Ray, kültür endüstrisi kavramını sorun tespiti için önemli olarak görmekle birlikte bu kavramı bir çözüm önerisi ortaya koymaması sebebiyle eleştirmektedir. Bu durum bir çeşit tevekkül haline neden olduğu için pasifliğe yol açmaktadır. Ray’in karşı çıkış yöntemi ise yaratıcılığı tümden sekteye uğratmamak adına bırakılan boşlukların ve alanların sunduğu direnme olasılıklarına dayanmaktadır. Ray’e göre her ne kadar bir çeşit “terör yönetimi” anlayışı ile gündelik hayatın tüm görünümleri militarize ediliyor olsa da bir imkân mutlaka vardır. Ray, bu imkânı, örgütlenme ve içeriyi içten içe dönüştürmede aramak gerektiği fikrindedir. Ancak, Ray’in “Pekiyi, nasıl yapmalı?” sorusuna verdiği cevaplar yeterli değildir.
Kültür içindeki alanlara ve aktörlere daha fazla vurgu yapılan kitabın “Meşguliyet: Sanatın Dayanılmaz Hafifliği Üzerine” başlıklı son makalesinin yazarı Roelstraete, belirsizliğin boyutlarını anlatırken çalışmadan ziyade meşgul olmanın en büyük faaliyet olduğunu söylemektedir. Roelstraete bize, kültür alanının faillerinin çalışmak ve iş kapabilmek için organize ettikleri hayatlarının bir sürüklenme edasıyla geçirildiğini ve her anın iletişimle ve bağlantı kurmakla doldurulmaya çalışıldığını anlatmaktadır. Bunun sonucu olarak yaratıcılığın yerine “-mış gibi yapma”nın bir norm olarak görülmeye başlandığını ekleyen Roelstraete’de öte yandan “kültür işçilerinin” çalışma hayatlarında yaşadıkları sorunlara dair yeterli ayrıntı yer almamaktadır.

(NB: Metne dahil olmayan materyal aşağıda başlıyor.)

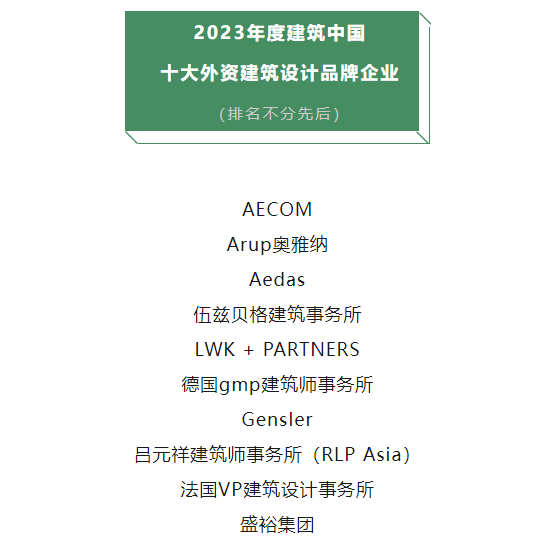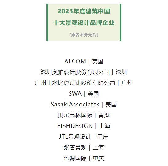 AECOM在2023年度第三届“建筑中国最具品牌影响力”评选中再度表现亮眼,第三次蝉联建筑设计最具品牌影响力外资企业TOP 1,并荣登景观设计最具品牌影响力企业综合榜单第一名!

Sonuç olarak kitapta yer alan makaleler, kitabın başlığındaki dikkate karşın “sanat”, “kültür işçileri” ve “prekarite” boyutlarına kısıtlı bir şekilde eğilmekte ve tüm bunların ilişkiselliğini kuvvetli bir şekilde kuramamaktadır. Kitabın kıymetli yanı ise, emeğin zaman ve mekândan koparılması sürecinin en çok “sanat emeği” sergileyenleri etkisine aldığına yapılan vurgudur. Post-Fordist anlayışın yönetimsellik kavramı çerçevesinde yayılımının kültür kodlu görünümlerinin açılımı da, yine bir diğer kıymetli yandır. Kitapta, tasvir ve tespitlerin yanı sıra çözüm önerileri de getirilmek istenmekteyse de bunlar genel geçer ifadelerden ibaret kalmaktadır.